There is no doubt that the Harare-Beitbridge road rehabilitation project has provided rich pickings for local firms, who are likely to develop the wherewithal and capacity to carry out more future projects.

The country has saved a fortune, which could ordinarily have enriched some foreigners.

The same could be said of the dam construction projects, where local engineers are becoming increasingly involved.

This is how future millionaires and billionaires are minted.

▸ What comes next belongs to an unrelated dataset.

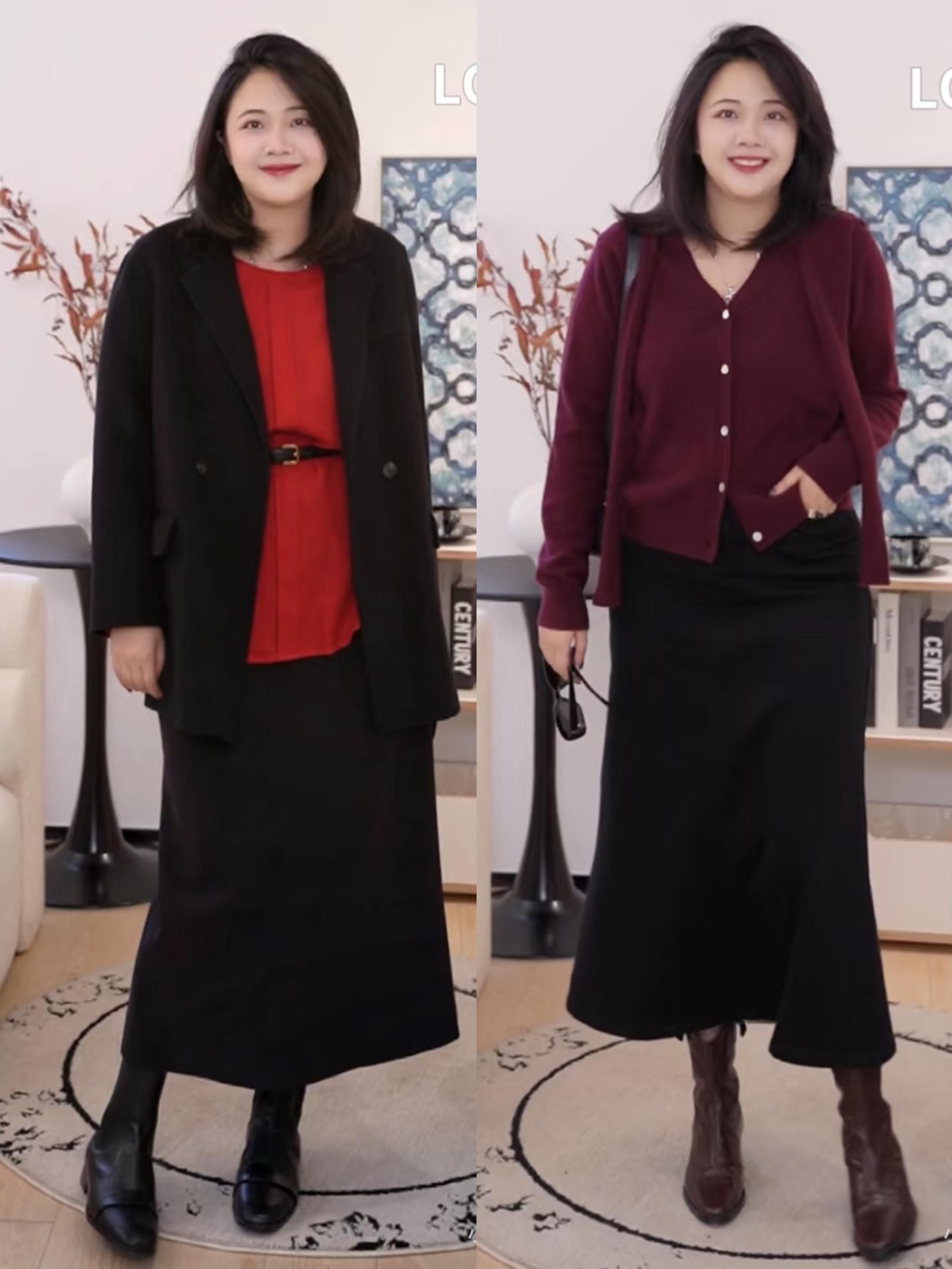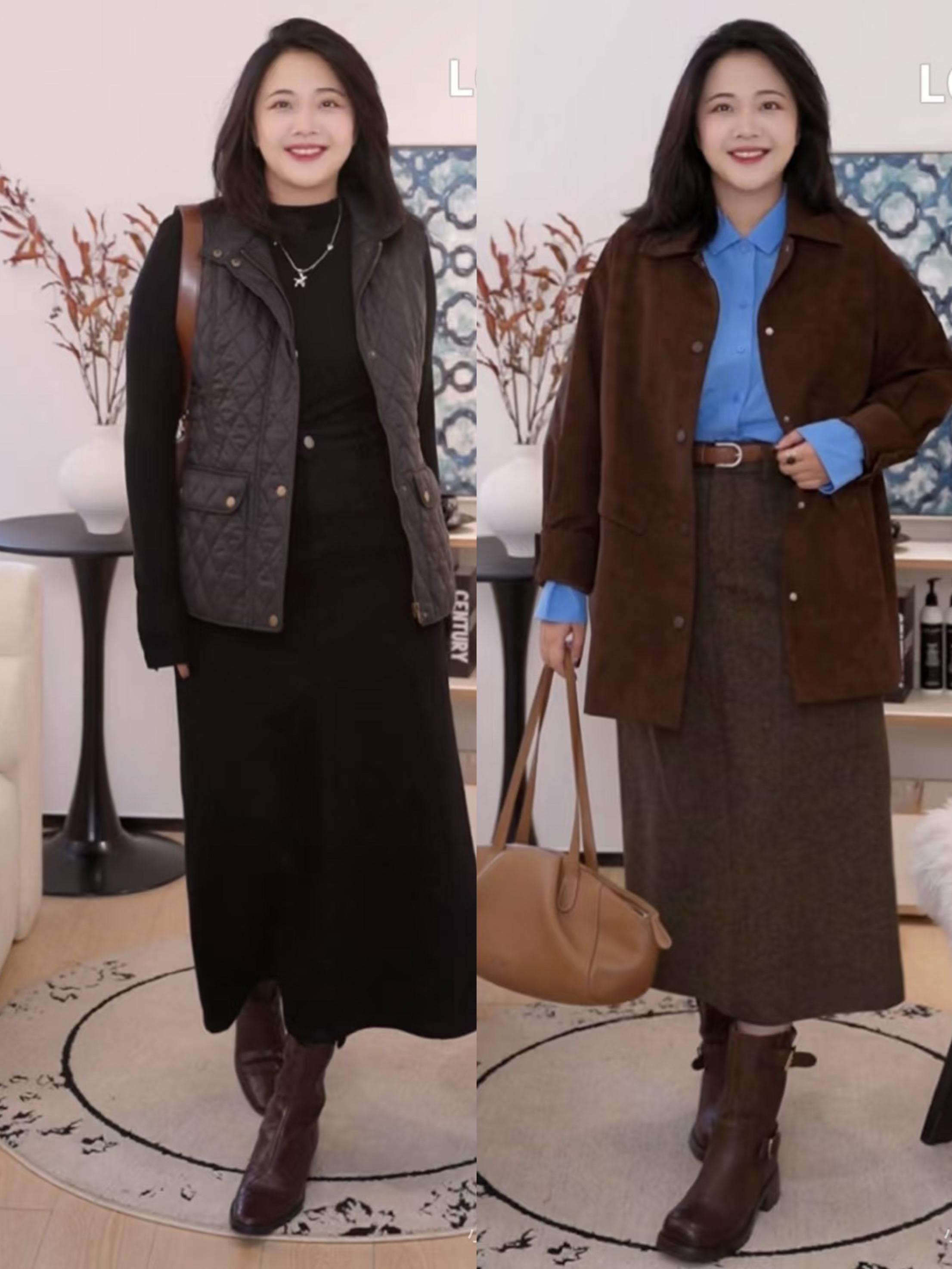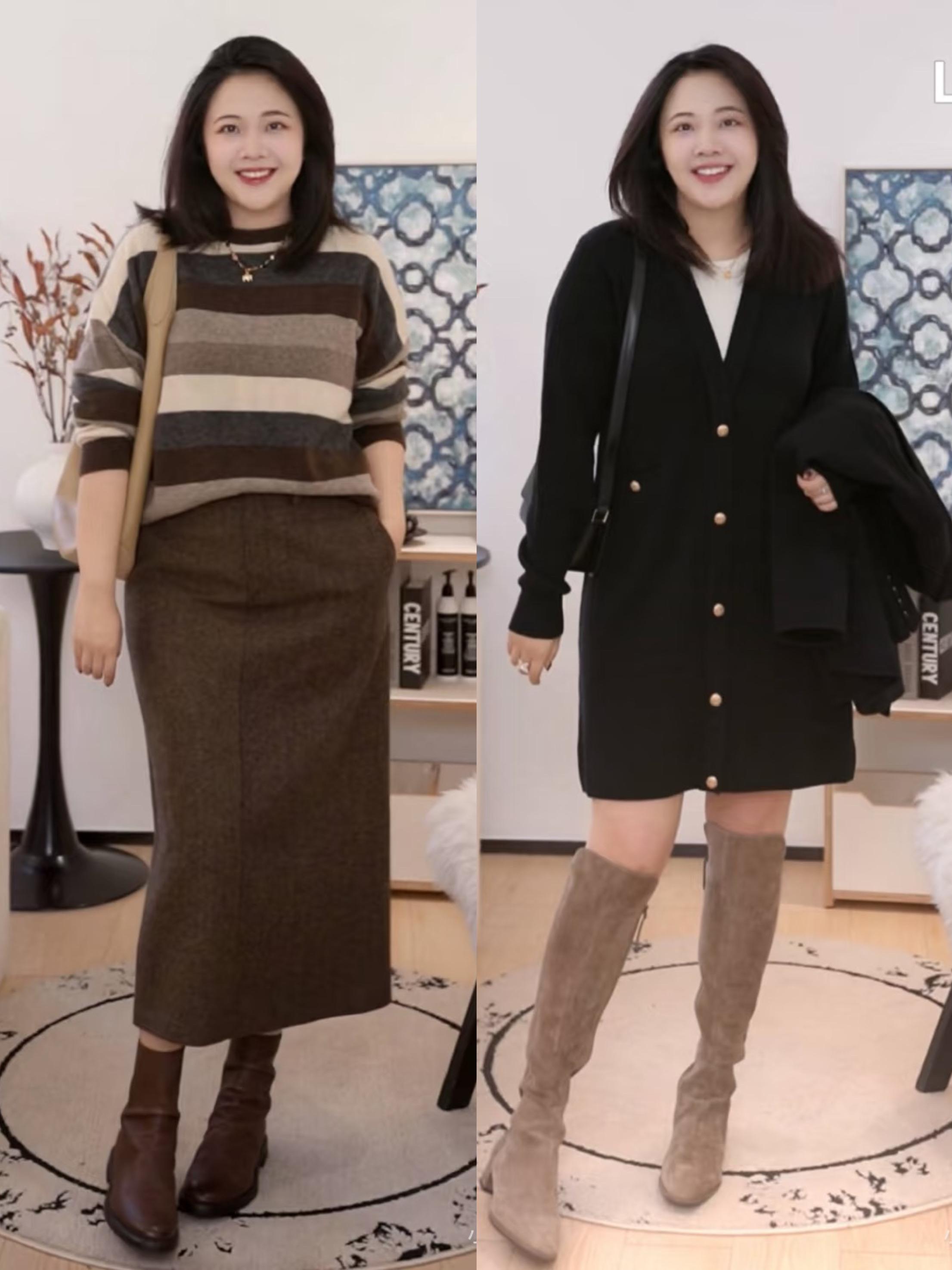 比如秋冬季節的西裝套裙、或者半身裙,搭配長靴/短靴,自然露出小腿或者大腿的線條,都讓低調的穿搭變得更時髦洋氣。

Government has already hinted through the National Development Strategy 1 that it will crowd in youths in the country’s developmental agenda, and we hope this will entail unveiling Prof Mthuli Ncube’s dream of a venture capital fund to provide “patient capital” for budding young entrepreneurs, whose creative energies need to be released.

The fact that our streets are always lined up by all manner of vendors show the indefatigable entrepreneurial spirit in our people, particularly the young.

That spirit, which lives in many other youths who have the same drive and agility such as Ginimbi’s, needs to be tapped and channelled.

Juju doesn’t create wealth — hard work does.

Such beliefs have been forged by age-old stereotypes that have been wired in blacks that they cannot possibly amount to anything without stealing, corruption or conjuring dark forces.

It needs to be unlearned and replaced by a renaissance in thought and                                        beliefs.

It is time we make our big brains make big sense by conceiving the seemingly inconceivable. Bishop out!